1. A atenção conseguida por Kanye West é massiva, mas ele ainda não gastou um tostão em marketing. Mesmo a festa no Madison Square Garden terá tido a conta assumida pela Adidas, já que se tratava da apresentação da colecção Yeezy Season

3. Talvez como nenhum outro disco antes deste, The Life of Pablo confirma, finalmente, que as regras que eram tidas como certas no universo do marketing discográfico deixaram de fazer sentido no presente digital das redes sociais. É preciso reescrever o livro?

2. The Life of Pablo é um sucesso tremendo, empurrou, sozinho, o Tidal até ao topo das tabelas de downloads nas app stores, mas nem sequer está ainda à venda. Nesta nova era há, portanto, outras moedas - de notoriedade, de poder mediático - que não são imediatamente convertíveis em valores financeiros mas que ainda assim possuem um alcance tremendo.

3. Kanye West está prestes a ver o seu rosto estampado em incontáveis publicações internacionais e nem sequer estreou ainda um vídeo de apoio ao seu novo álbum. Até aqui era impensável conseguir este tipo de impacto sem a poderosa ferramenta vídeo a trabalhar para se alcançar este grau de impacto. Veja-se o exemplo de Drake e de "Hotline Bling". Um vídeo bastou...

4. O disco nem sequer está terminado. Semanas e semanas de rascunhos partilhados no Twitter e Instagram, temas que entraram e saíram do alinhamento, rimas gravadas em cima da hora antes da estreia no Tidal, álbum colocado à venda, retirado depois, com Kanye a garantir que nunca estará disponível no Spotify ou Apple Music... Como se de repente boa parte do planeta se quisesse mudar para uma casa que ainda nem está terminada. E algum dia estará? Como a Sagrada Família de Barcelona, parece que a obra interminável exerce um fascínio tão poderoso como outros projectos já concluídos. O processo de criação deixa de ser um meio e passa a ser ele mesmo um fim: PJ Harvey fez da gravação do seu último álbum uma performance artística num museu com uma janela aberta ao olhar de visitantes; Kanye escancarou tudo perante o mundo através das redes sociais...

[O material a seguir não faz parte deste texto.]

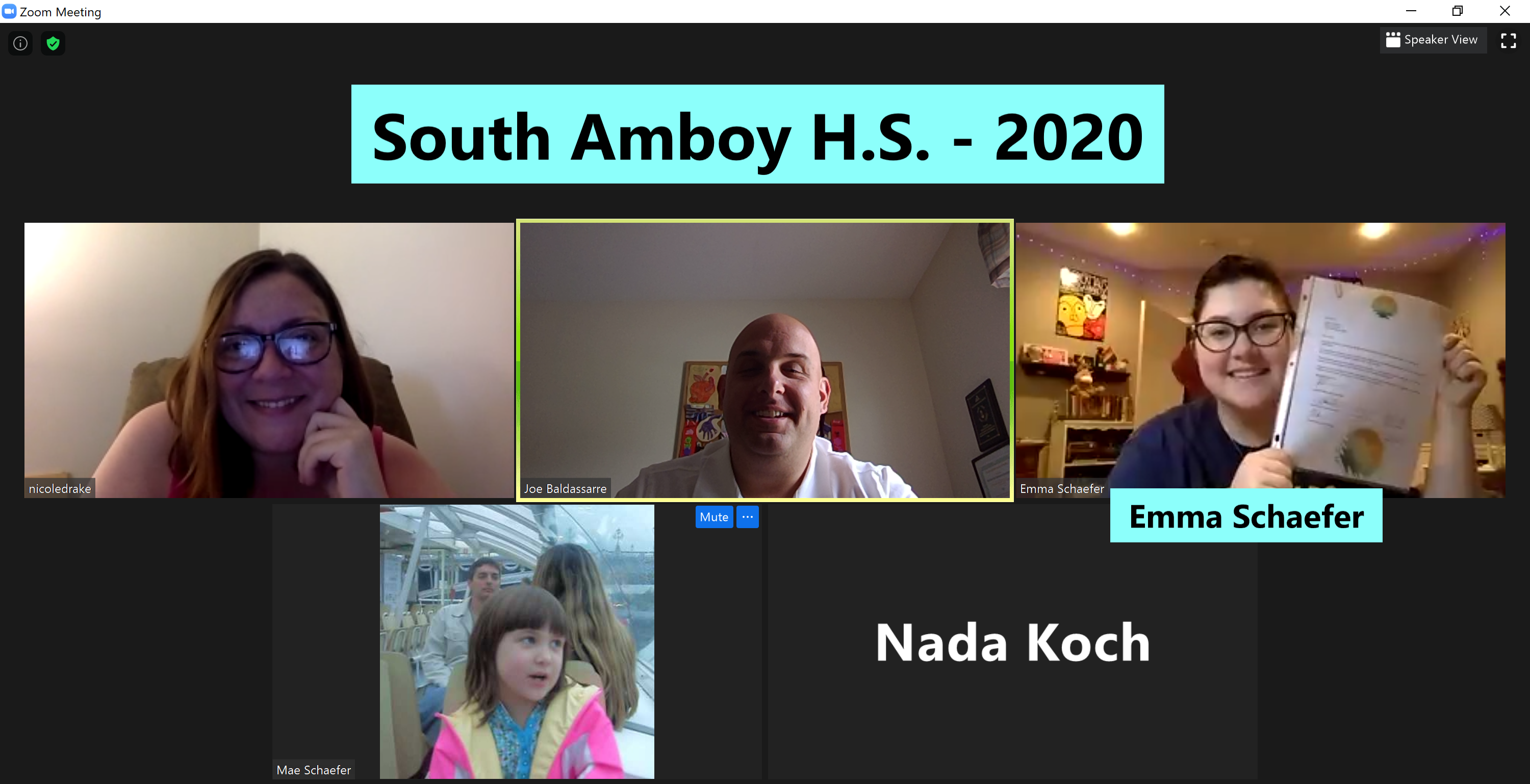 Congratulations to the next recipient of a JBF 2020 scholarship, Emma Schaefer of South Amboy H.S! With two board members, Nicole Viti Drake and Nada Aboulhosn Koch, along with her mother, Emma was awarded for her hard work, dedication, and passion to succeed. She actually received her award letter this morning in time for this afternoon's Zoom call. Emma will be attending Marymount Manhattan College in the fall for politics/human rights. She is someone is embodies all of the great qualities of Jennifer.

5. O que é que isto significa em relação aos nossos hábitos de consumo de música? Quem vê filmes ou séries ou desporto em televisão já sabe que é necessário gerir vontades e fazer opções: o que subscrever? Netflix? Serviços de cabo com acesso a conteúdos exclusivos? Mas o que se exibe num canal não aparece no outro... O mesmo se começa agora a passar no universo da música: Taylor Swift não está no Spotify. Kanye West não está na Apple Music. Prince não está no YouTube. Dantes eram as editoras que usufruíam da criatividade de cada artista em regimes de exclusividade renováveis de tempos a tempos. E agora? Vamos começar a ter que olhar para os catálogos de cada serviço antes de assinarmos? Ou então assinamos todos?

6. Ao longo dos anos fomos aprendendo a ouvir discos como objectos acabados, herméticos, fechados a que, com o avançar dos tempos e apenas nalguns casos especiais, foram depois, através de edições comemorativas, acrescentadas outras peças: maquetes, versões alternativas de estúdio, etc. Mas essas revelações só aconteceram décadas após as edições que se afirmaram como definitivas. Veja-se o caso recente de The River de Bruce Springsteen ou dos álbuns clássicos dos Velvet Underground: décadas depois de terem sido originalmente lançados estes discos mereceram reedições antológicas, carregadas de extras que nos permitem entender um pouco melhor como se chegou ao objecto definitivo. Kanye West inverteu o processo e tem vindo a mostrar-nos os temas antes de estarem terminados.

Quando The Life of Pablo finalmente estiver concluído, já seremos íntimos dos seus erros, percalços, falsos arranques e tentativas falhadas.